Print the lines of the entries below from the one with "Když lidé hovoří" through the final line, exactly as they appear. The pictures are not part of the copy.

#### DATA FOR ANALYSIS ####

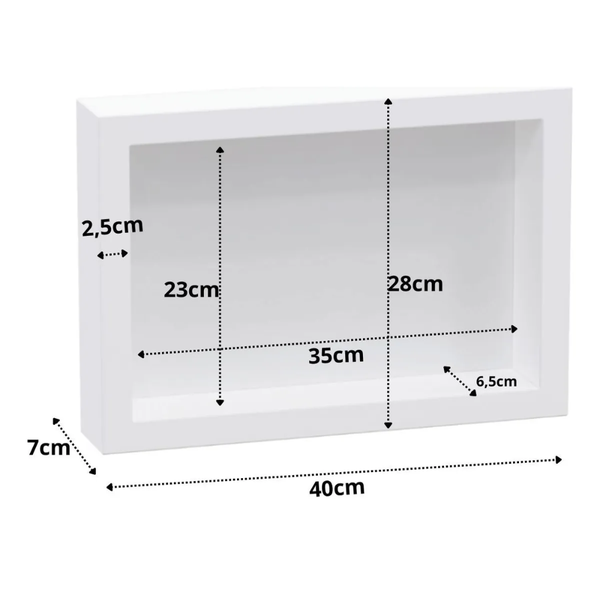 Dimensões externas: 28 cm de altura x 40 cm de largura x 7 cm de profundidade.
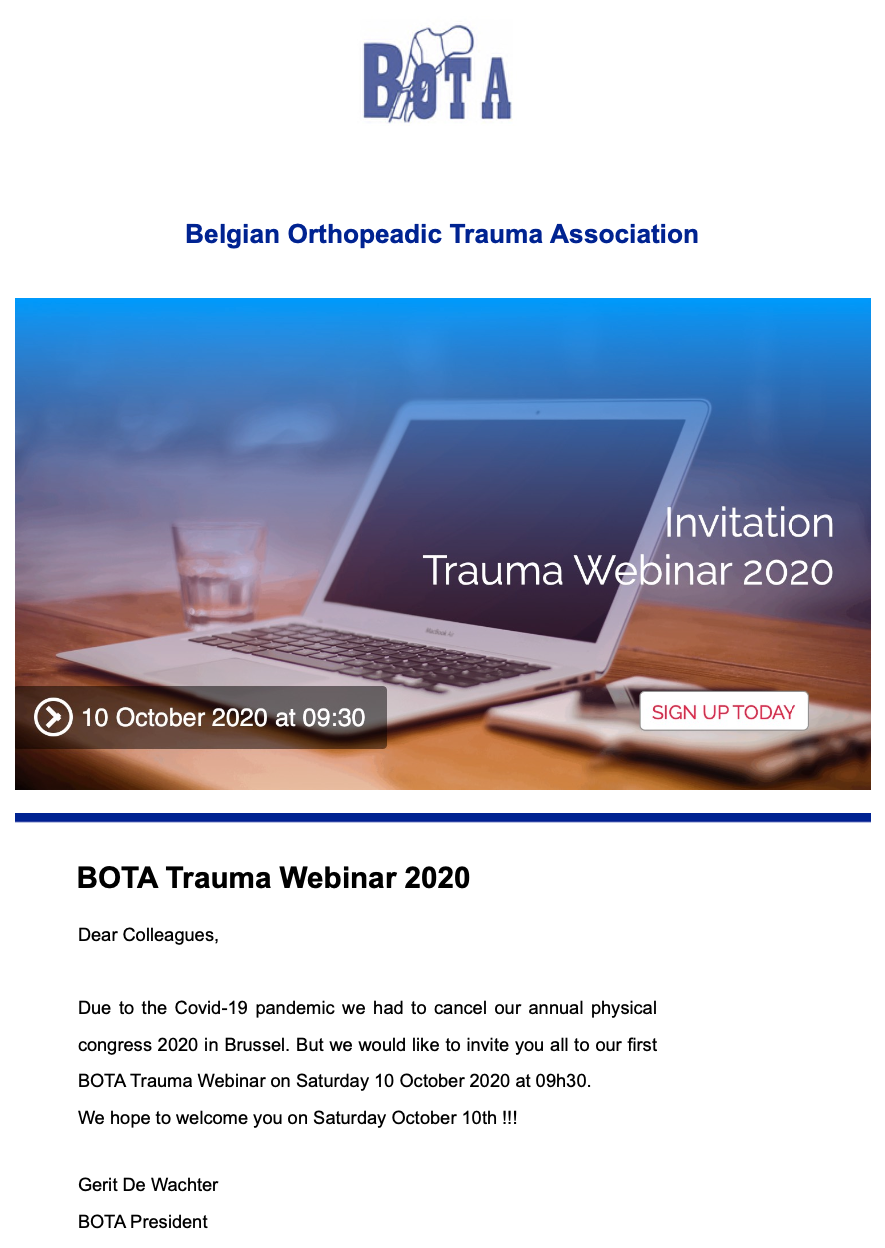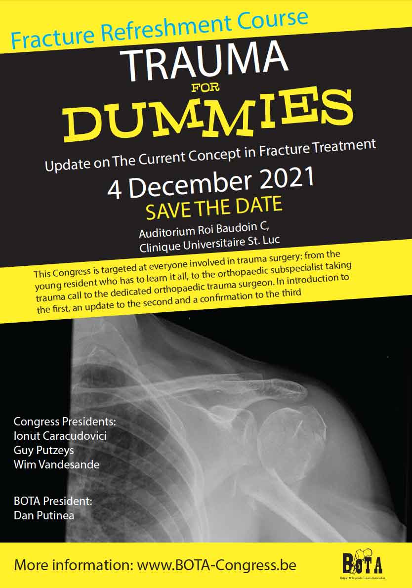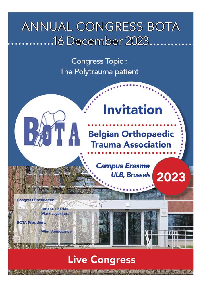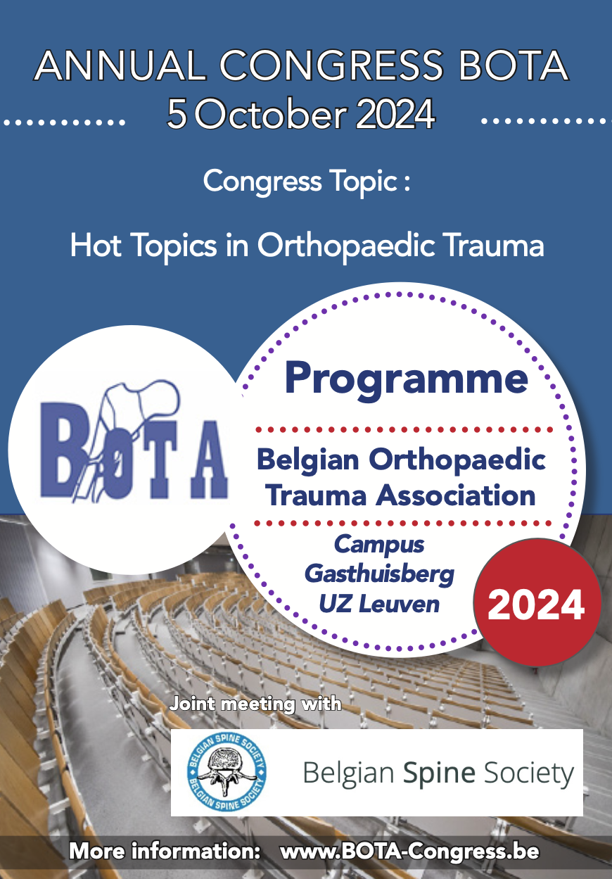 This was a joint meeting of BOTA and the Belgian Spine Society - BSS, at the University Hospital Gasthuisberg, Leuven, under the presidency of Michiel Herteleer with the topic: "Hot Topics In Orthopaedic Trauma"
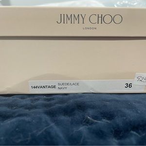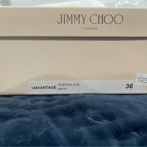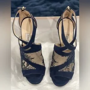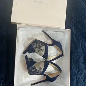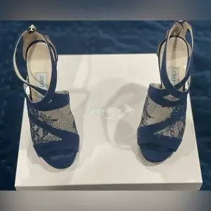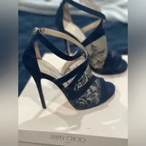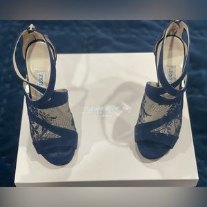 Jimmy Choo 144Vantage Suede Lace inset glove sandal in Navy 4” peep toe heels with zip up back. Worn 2x only wear located on back of heel barely can be seen and on bottom leather of the shoe as shown in pictures. Stored in original box with Jimmy Choo tissue paper.
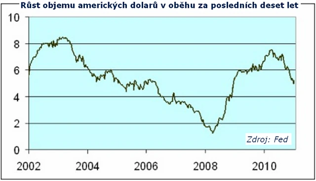 Když lidé hovoří o tištění peněz, jako první nás možná napadne, že mají na mysli zelené kousky papíru s obrázky mrtvých prezidentů. Následující graf ukazuje růst oběživa za posledních deset let (dvouleté intervaly) – za poslední dva roky vzrostl jeho objem o 5,2 % ročně, což je mírně pod desetiletým průměrem.
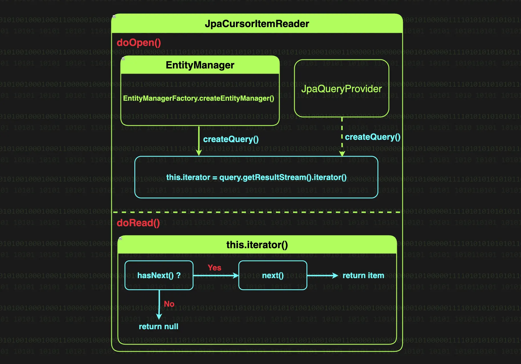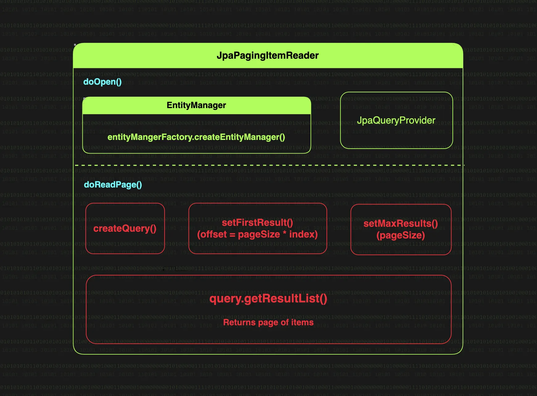 내부 컴포넌트만 보았을 때는 JpaCursorItemReader와 동일하고, JPQL query String 혹은 JpaQueryProvider를 통해 EntityManager로 실행 가능한 Query를 생성한다는 점에서 같다.
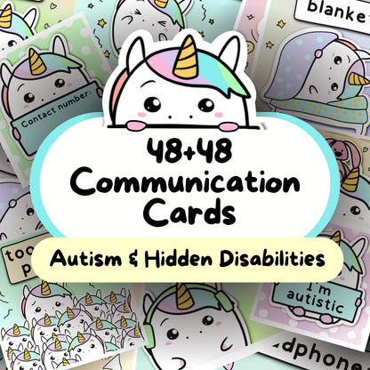 Unicorn 48+48 Daily Communication Cards (Autistic Meltdown, Sensory Overload, Hidden Disabilities)

####

* **ANSWER TO THIS PROBLEM**
 Když lidé hovoří o tištění peněz, jako první nás možná napadne, že mají na mysli zelené kousky papíru s obrázky mrtvých prezidentů. Následující graf ukazuje růst oběživa za posledních deset let (dvouleté intervaly) – za poslední dva roky vzrostl jeho objem o 5,2 % ročně, což je mírně pod desetiletým průměrem.
 내부 컴포넌트만 보았을 때는 JpaCursorItemReader와 동일하고, JPQL query String 혹은 JpaQueryProvider를 통해 EntityManager로 실행 가능한 Query를 생성한다는 점에서 같다.
 Unicorn 48+48 Daily Communication Cards (Autistic Meltdown, Sensory Overload, Hidden Disabilities)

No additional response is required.